The Clippers assert that Raiders II demands dismissal of state-law claims for breach of the implied promise of good faith and fair dealing. The Raiders II decision, however, dismissed the Raiders’ recovery on those grounds because, on the evidence presented in that case, the only reasonable • conclusion was either that no party breached that promise, or that both parties had. 791 F.2d at 1362-63. The issue in this case is clearly not identical to that in Raiders. It is not clear which party, if any, broke the *570duty of good faith and fair dealing. It therefore presents yet another question to be determined at trial before the district court.

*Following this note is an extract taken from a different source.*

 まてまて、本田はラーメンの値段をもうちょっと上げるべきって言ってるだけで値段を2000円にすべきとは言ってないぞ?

The NBA requests that this court enter judgment for it under the “expansion opportunity” theory of damages discussed in Raiders II. 791 F.2d at 1371-73. The majority in Raiders II, however, found only that the expansion opportunity taken by the Raiders in their move to Los Angeles limited the Raiders’ recovery of antitrust damages. The majority revealed nothing about the origin of that offset. Therefore, the existence of a recovery for expansion opportunity must find its source somewhere other than antitrust law: i.e., the express or implied provisions of the NBA constitution. This theory, however, presents issues of fact and is properly left to the district court.

CONCLUSION

The pervasive issues of material fact that remain warrant the return of this case, in its entirety, to the district court for trial. We therefore reverse the district court’s grant of summary judgment and remand the case to the district court for trial.

REVERSED and REMANDED.

. Los Angeles Memorial Coliseum Comm’n v. National Football League, 726 F.2d 1381 (9th Cir.), cert. denied, 469 U.S. 990, 105 S.Ct. 397, 83 L.Ed.2d 331 (1984) [hereinafter Raiders /]; see also Los Angeles Memorial Coliseum Comm’n v. National Football League, 791 F.2d 1356 (9th Cir.1986) [hereinafter Raiders //].

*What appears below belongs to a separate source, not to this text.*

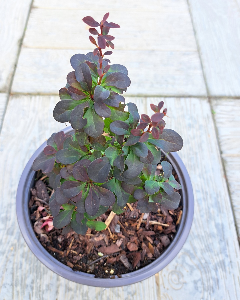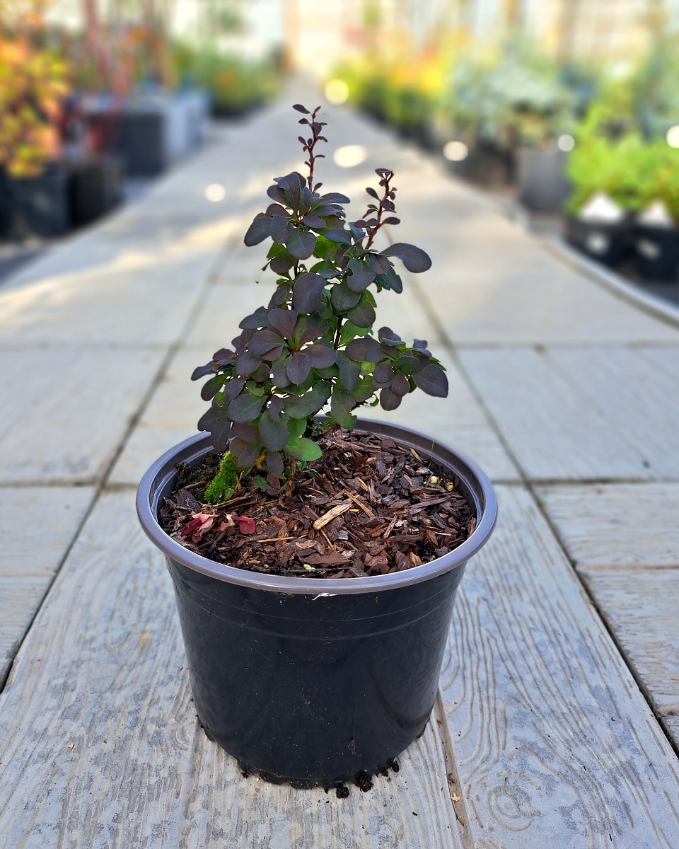 Очаровательный компактный сорт. Крона плотная, шаровидная, образована многочисленными прямостоящими побегами. Листья яйцевидной формы, при распускании зеленовато-розовые, постепенно темнеющие до пурпурно-фиолетового оттенка. Цветет в мае небольшими ароматными желтыми цветочками, замечательно контрастирующими с листвой. На их месте осенью созревают продолговатые ярко-красные плоды, использующиеся в кулинарии и являющиеся прекрасной подкормкой для птиц. Используют для создания красивых бордюрных посадок, украшения миксбордеров, берегов водоема, каменистых садов, рабаток. В групповой посадке сорт будет отлично сочетаться с хвойниками, цветущими кустарниками, лилейниками, гейхерами, астрами и другими многолетними цветами. Растение морозостойко, устойчиво к засухе, неприхотливо, обладает крепким иммунитетом. Для посадки подойдет солнечный участок с питательной, суглинистой или супесчаной, дренированной почвой.

. The court in Hendrix appears to overlook that all declaratory judgments will be in some sense hypothetical, since they are premised on the understanding that the prospective plaintiff has not yet filed suit and the prospective defendant wishes to determine his or her liability. The issue is not whether the requested declaratory relief is hypothetical. Rather, the issue is whether the case presents a sufficiently concrete case and controversy upon which relief properly may be fashioned.

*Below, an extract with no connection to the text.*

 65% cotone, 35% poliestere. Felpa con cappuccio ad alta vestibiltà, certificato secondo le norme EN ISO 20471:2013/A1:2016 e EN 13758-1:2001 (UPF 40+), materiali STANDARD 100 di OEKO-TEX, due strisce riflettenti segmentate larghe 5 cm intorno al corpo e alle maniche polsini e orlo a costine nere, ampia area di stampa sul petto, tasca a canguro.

. See, e.g., Roberts, Sports Leagues and the Sherman Act: The Use and Abuse of Section 1 to Regulate Restraints on Intraleague Rivalry, 32 UCLA L.Rev. 219, 280-81 (1984) (recognizing the Raiders I decision as the affirmance of a jury verdict, yet arguing that Raiders I "effectively bars a league from preventing relocation to an area where another member club is al*568ready based"); Weistart, League Control of Market Opportunities: A Perspective on Competition and Cooperation in the Sports Industry, 1984 Duke L.J. 1013, 1014, 1026 (recognizing Raiders I as the affirmance of a jury verdict based upon a particular situation, but arguing that the case allows the uncompensated diversion of “an exquisite corporate opportunity”); Comment, Keeping the Home Team at Home, 74 Calif.L.Rev. 1329, 1332 & n. 19 (1986) (assuming that the Raiders decisions remove control of franchise movements from sports leagues) [hereinafter cited as Gray Comment].